The wired-up workflow, including all prompts and guardrail nodes:

Free template · n8n

AI Support Triage Bot

support-triage-bot-n8n.json

Download JSON

Step 1: Ticket intake

Add a Webhook node, method POST, path support-intake-x91k, Respond Immediately — helpdesk webhooks typically time out in 5–10 seconds, far less than two LLM calls take.
In Freshdesk: Admin → Automations → Ticket Creation rule → “Trigger webhook,” POST to your production URL with ticket ID, subject, description, requester email. For a Gmail-based queue, swap in a Gmail Trigger filtered to your support address.
Add a Set node normalizing whatever arrives into four fields: ticket_id, customer_email, subject, body. Every downstream node references only these, so changing helpdesks later is a one-node edit.

Step 2: The classifier

OpenAI node, temperature 0, JSON mode on. A small fast model is fine here — classification is the easy half. System message:

You are a support ticket classifier for [YOUR COMPANY], which sells
[YOUR PRODUCT]. Return ONLY JSON:

{
  "category": "faq | account_access | billing | bug_report | feature_request | refund_or_cancellation | legal_or_complaint | other",
  "urgency": "low | medium | high | critical",
  "sentiment": "calm | frustrated | angry",
  "summary": "one sentence",
  "auto_answer_eligible": boolean,
  "eligibility_reason": "one short sentence"
}

auto_answer_eligible is true ONLY if ALL of these hold:
- category is "faq" or "account_access"
- sentiment is "calm" or "frustrated" (never "angry")
- the ticket does not mention refunds, chargebacks, cancellation,
  legal action, data deletion, or a specific amount of money
- the ticket asks a question rather than reporting an outage or bug
- urgency is "low" or "medium"

When in doubt on any condition, set it false. A human reading an
easy ticket costs little; a bot mishandling a hard one costs a
customer. critical urgency = outage, security concern, or threat
to cancel; reserve it.

User message:

Subject: {{ $json.subject }}
From: {{ $json.customer_email }}
Body:
{{ $json.body }}

Follow with the standard parse-guard Code node (strip code fences, try/catch JSON.parse, and on failure emit auto_answer_eligible: false — a parse failure must fail toward escalation, never toward auto-reply). Then an IF node on {{ $json.auto_answer_eligible }}.

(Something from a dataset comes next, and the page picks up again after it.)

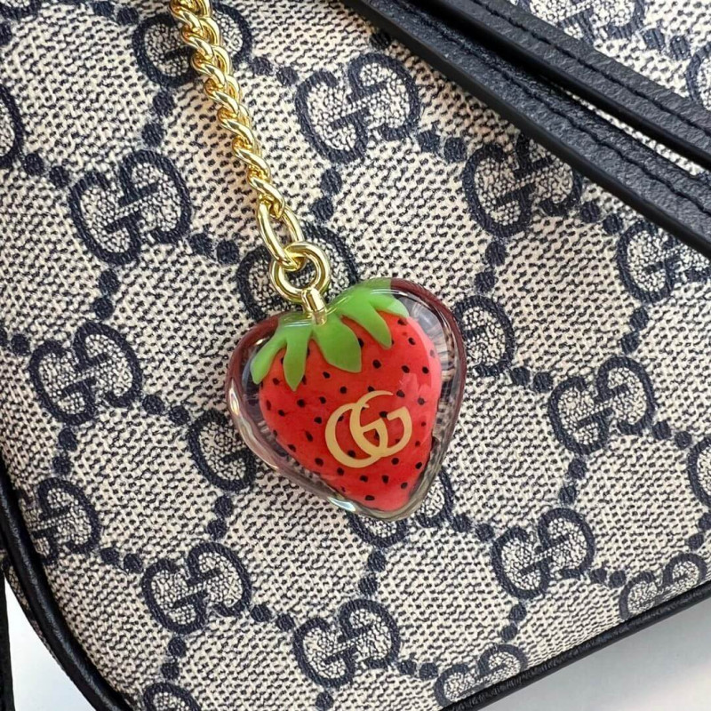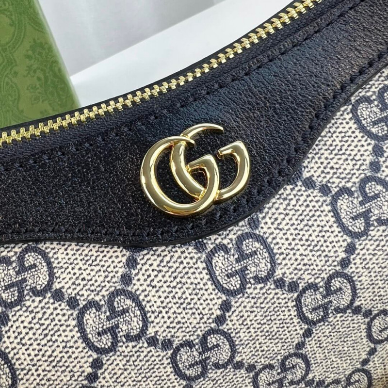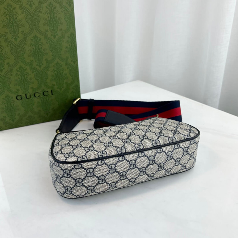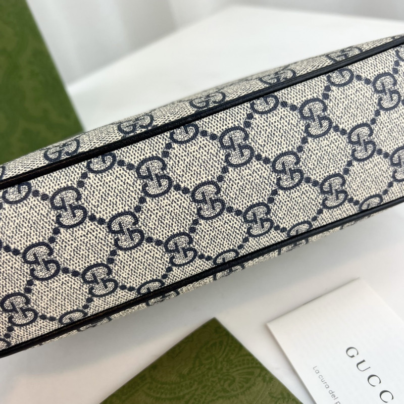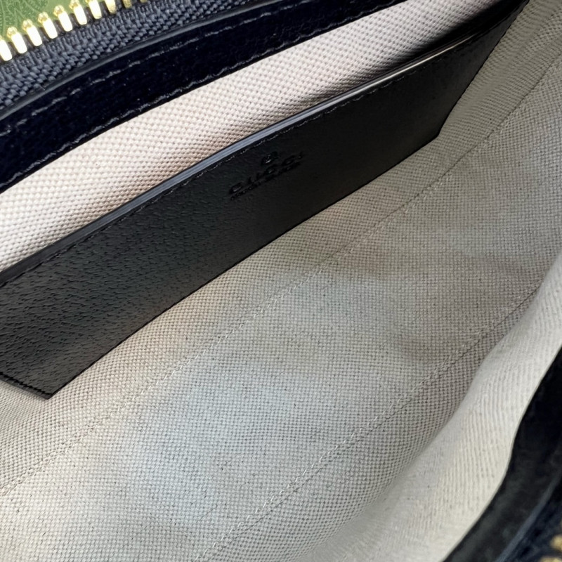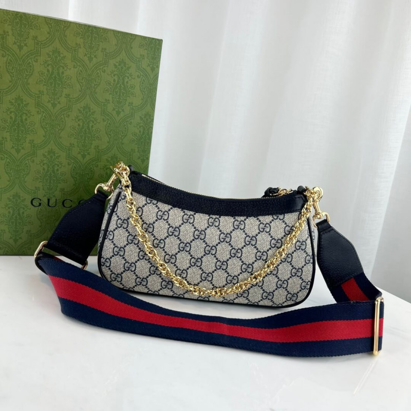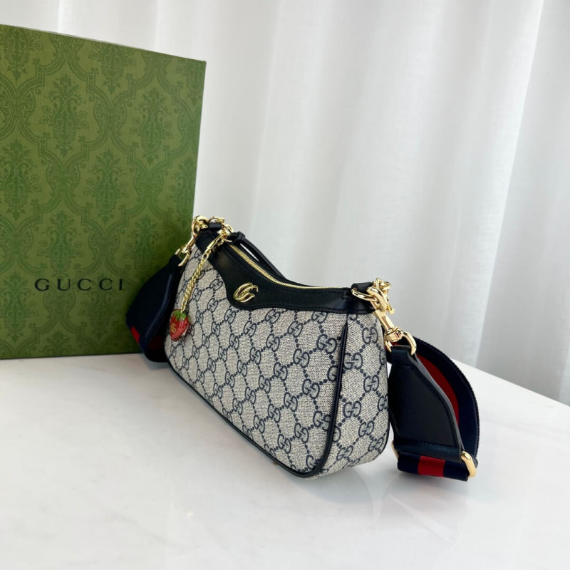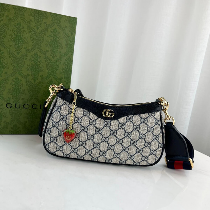 The GG logo is an evolution of the original Gucci rhombi design from the 1930s, and from then it s been an established symbol of Gucci s heritage. This unmistakable pattern decorates this small handbag as part of the latest Ophidia line. A Double G hardware completes the style

Step 3: Ground the answer in your knowledge base

Two options depending on FAQ size:

Under ~6,000 words of FAQ: skip retrieval entirely. Paste the whole FAQ into the answerer’s system prompt. Context windows are huge, the per-call cost difference is cents (as of mid-2026, check current pricing), and you eliminate an entire class of retrieval failures. Most small businesses should start here and feel no shame.

Larger KB: use n8n’s vector store nodes. Build a one-time indexing workflow — Notion/HTTP → Default Data Loader → Recursive Character Text Splitter (chunk 800, overlap 100) → Embeddings OpenAI → Supabase/Pinecone Vector Store: Insert. In the main flow, add a Vector Store: Get Many (top 4 results) querying on {{ $json.summary + ' ' + $json.body }}, then concatenate the chunks into a kb_context field with a Set node.

Step 4: The answerer — where the guardrails live

OpenAI node, temperature 0.2, JSON mode, your best available mid-tier model. This prompt is the heart of the build; copy it whole:

You are a support agent for [YOUR COMPANY]. Draft a reply to the
customer using ONLY the knowledge base below. Return ONLY JSON:

{
  "answer": "the reply, plain text, friendly and concise",
  "confidence": number 0-1,
  "kb_sections_used": ["headings of the KB sections you relied on"],
  "refused": boolean,
  "refusal_reason": "string or null"
}

HARD RULES — violating any of these means set refused=true instead
of answering:
1. If the knowledge base does not directly answer the question, do
   NOT answer from general knowledge. Refuse.
2. NEVER promise, imply, or estimate a refund, credit, discount, or
   compensation of any kind. Even if the KB mentions the refund
   policy, do not apply it to this customer's case — refuse and let
   a human decide.
3. NEVER commit to dates, SLAs, or roadmap items not stated verbatim
   in the KB.
4. NEVER ask the customer for passwords, card numbers, or 2FA codes.
5. If the customer claims something that contradicts the KB, do not
   argue; refuse.

Confidence rubric:
- 0.9+: the KB answers this exact question explicitly
- 0.7-0.89: the KB covers it but you had to combine sections
- below 0.7: any inference or gap-filling was needed

Style: 2-5 sentences, no corporate filler, sign off as
"[COMPANY] Support". Do not mention that you are an AI unless
company policy requires disclosure (if so, one short line at the end).

KNOWLEDGE BASE:
{{ $json.kb_context }}

User message: the same subject/body block from Step 2.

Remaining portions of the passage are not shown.